Keen Transport, Inc. v. United States

Decision Date06 August 1976
Docket NumberCiv. A. No. C75-170.
Citation446 F. Supp. 5
PartiesKEEN TRANSPORT, INC., Plaintiff, v. UNITED STATES of America et al., Defendants.
CourtU.S. District Court — Northern District of Ohio

Paul F. Beery, Michael Spurlock, Columbus, Ohio, John A. Kundtz, Thompson, Hine & Flory, Cleveland, Ohio, for Keen Transport, Inc.

John H. D. Wigger, U. S. Dept. of Justice, Washington, D. C., for United States of America.

Peter A. Fitzpatrick, I. C. C., Washington, D. C., for I. C. C.

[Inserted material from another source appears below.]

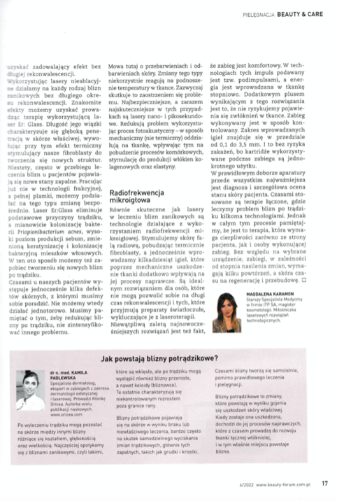 Blizny potrądzikowe pojawiają się na skórze w wyniku braku lub niewłaściwego leczenia, bardzo często na skutek samodzielnego wyciskania zmian trądzikowych, głównie tych zapalnych, takich jak grudki i krostki – wyjaśnia dr n. med. Kamila Padlewska na łamach magazynu Beauty Forum.
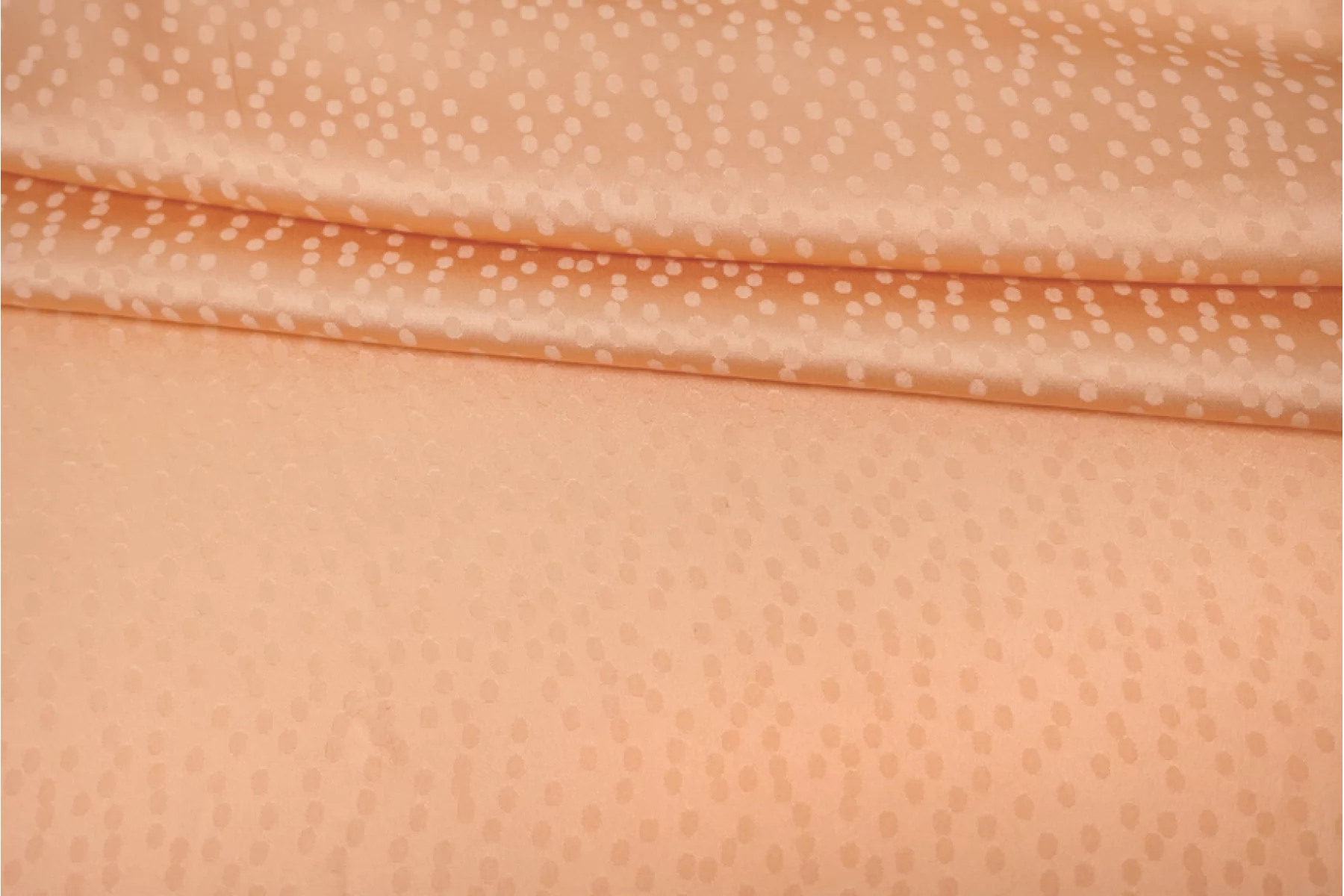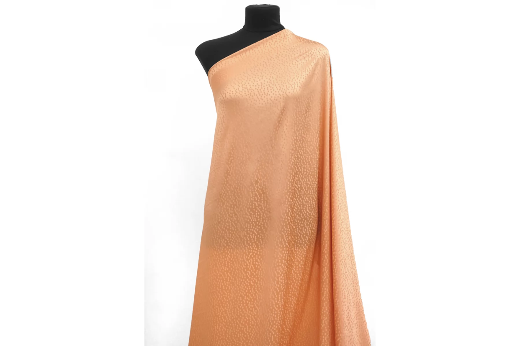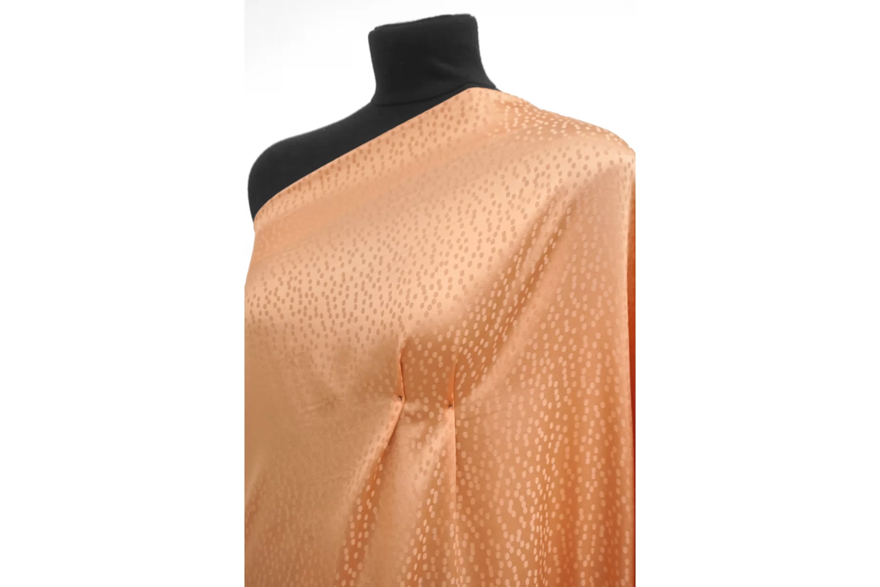 Плательный жаккардовый шелк с ацетатом от GIAMBATTISTA VALLI актуального персикового оттенка. Жаккардовая выработка в виде маленьких пятнышек. Материал тактильно очень мягкий и приятный на ощупь, гладкий и скользящий. Легкий и воздушный. Не тянется, но слегка пружинит за счет плетения. Красиво струится. Совсем немного просвечивает силуэт. Немного мнется. Форму не держит, но красив в драпировке. Идеальный вариант на блузки и платья. Уход, как и за любым шелком, деликатный.

Before CELEBREZZE, Circuit Judge, LAMBROS and KRUPANSKY, District Judges.

MEMORANDUM

KRUPANSKY, District Judge.

Plaintiff Keen Transport, Inc. (Keen), seeks to enjoin enforcement of Order No. MC-111320 of the Interstate Commerce Commission (ICC or Commission) denying plaintiff's gateway elimination application. Keen operates as a common motor carrier, transporting specific commodities in interstate commerce between various points in the United States under a Certificate of Public Convenience and Necessity No. MC-111320 and Subs thereto as issued by the ICC. Plaintiff's Certificate contains separate grants of Irregular Route Authority which, by combination (tacking) at a common service point (gateway), permit through transportation.

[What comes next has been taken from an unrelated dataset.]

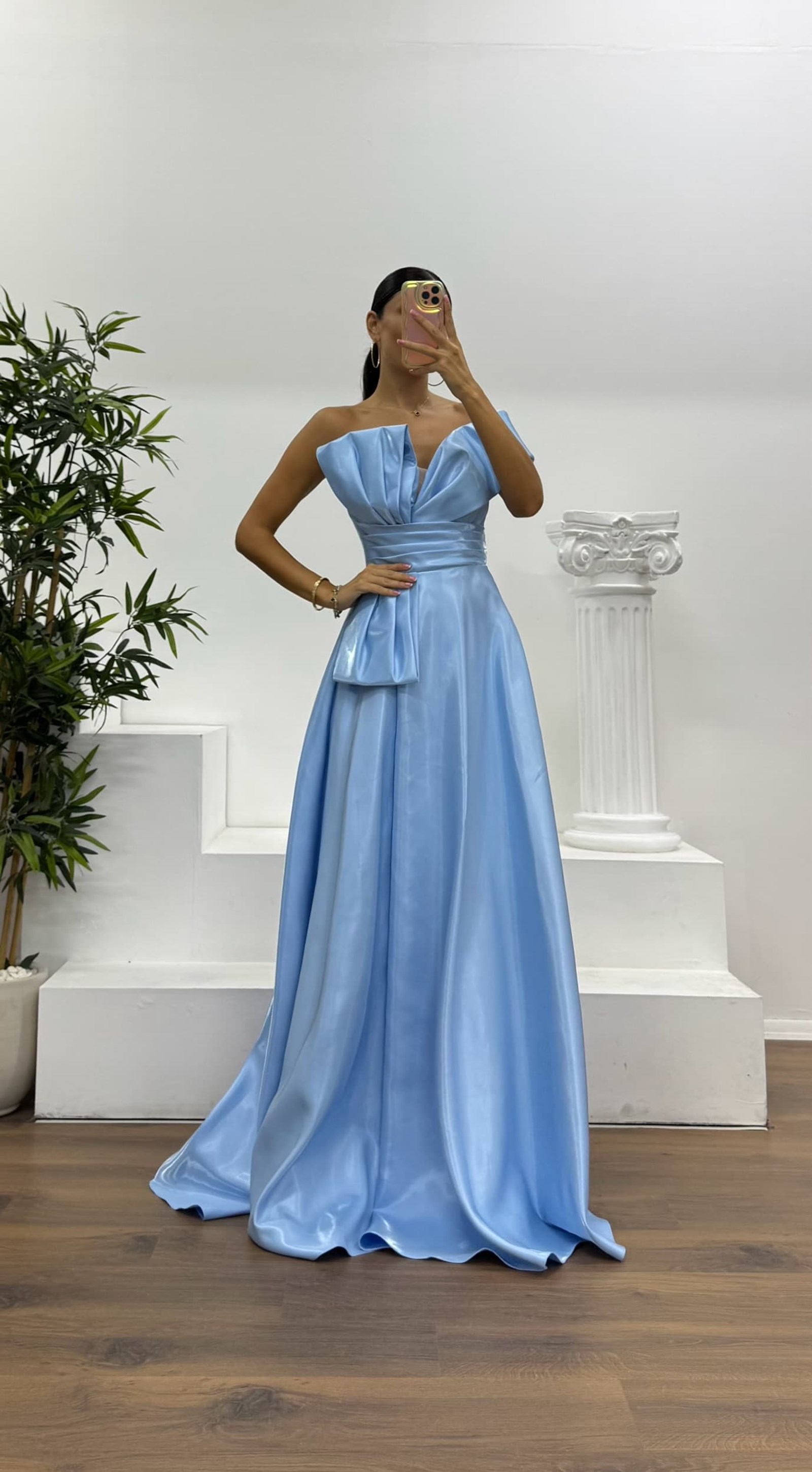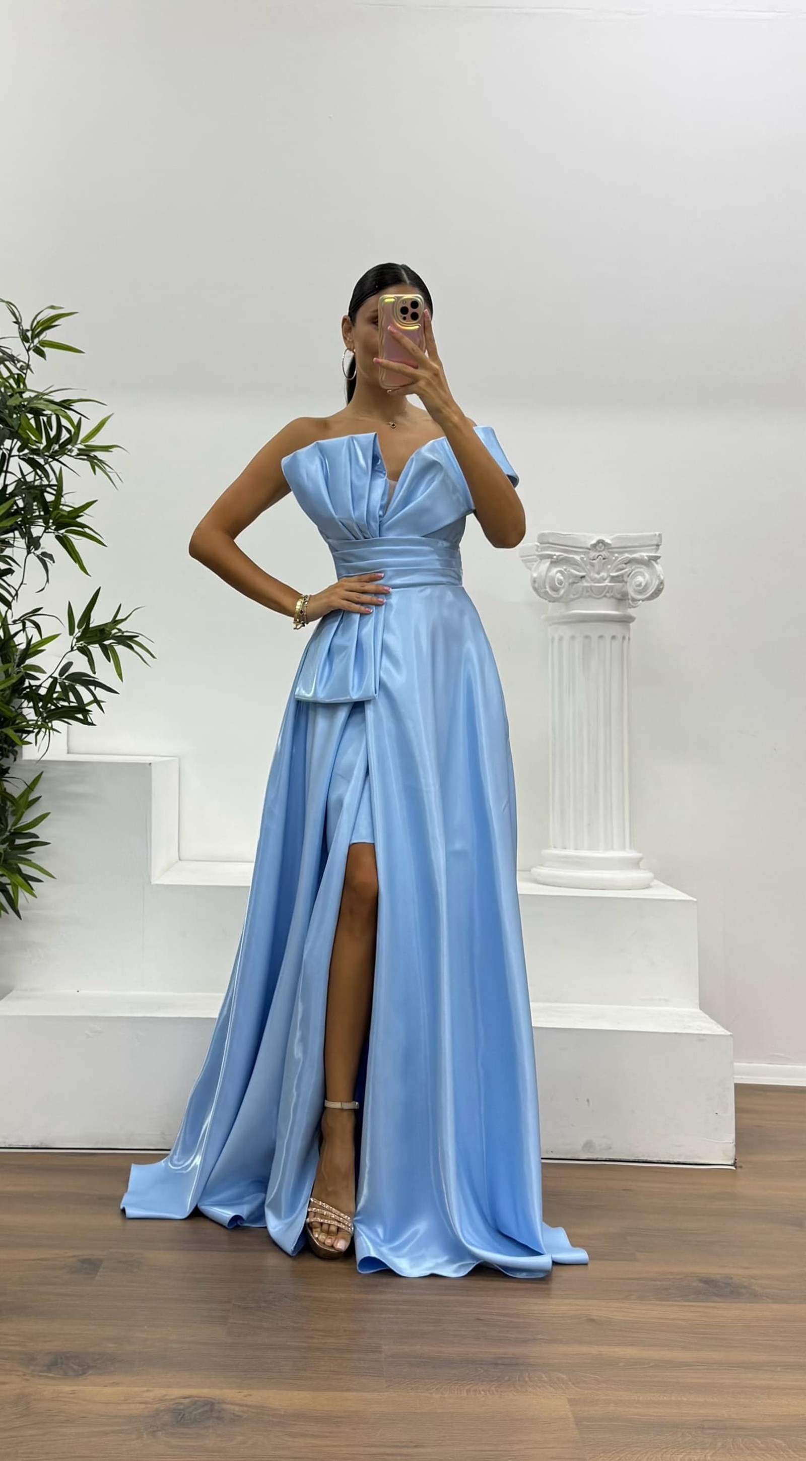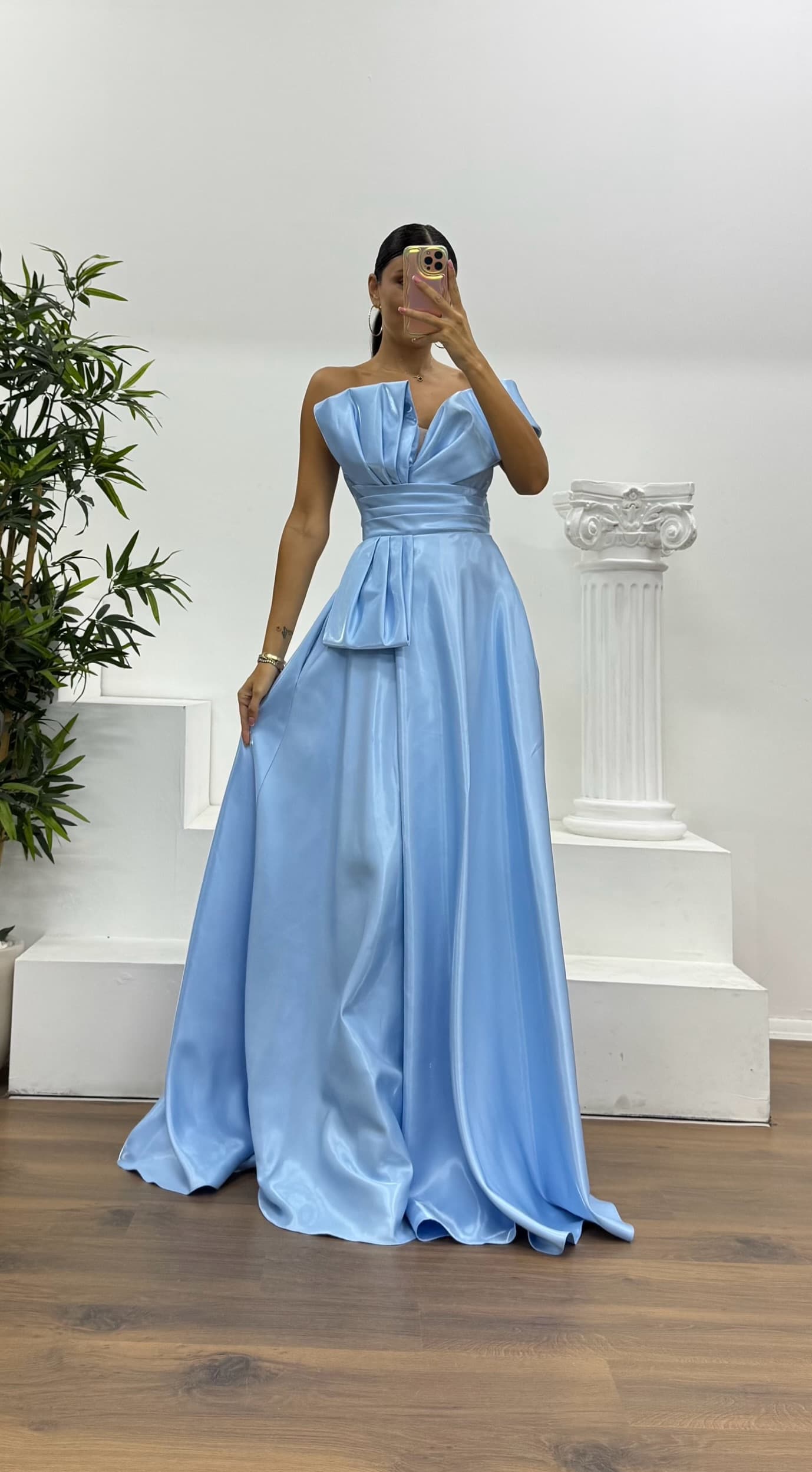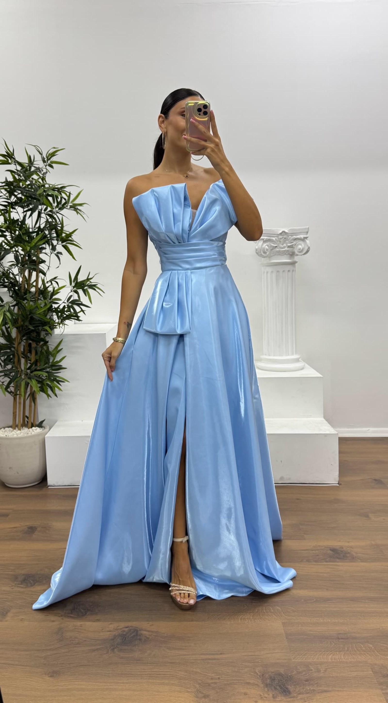 Ürün 36-42 bedene kadar uyumlu, göğüs pedli, astarlı, arka kapama fermuar, yırtmaçlı abiye olarak tasarlanmıştır.

On February 25, 1974, the ICC issued an Order adopting Section 1065.1, Title 45 of the Code of Federal Regulations, wherein it terminated tacking of irregular route certificates effective June 4, 1974, unless motor carriers had filed with the ICC either a letter notice, for direct highway mileage (from points of origin to destination) constituting 80% of the mileage via the gateway, or an OP-OR-9 application, for direct distances of less than 80% of the gateway mileage. See 119 M.C.C. 530.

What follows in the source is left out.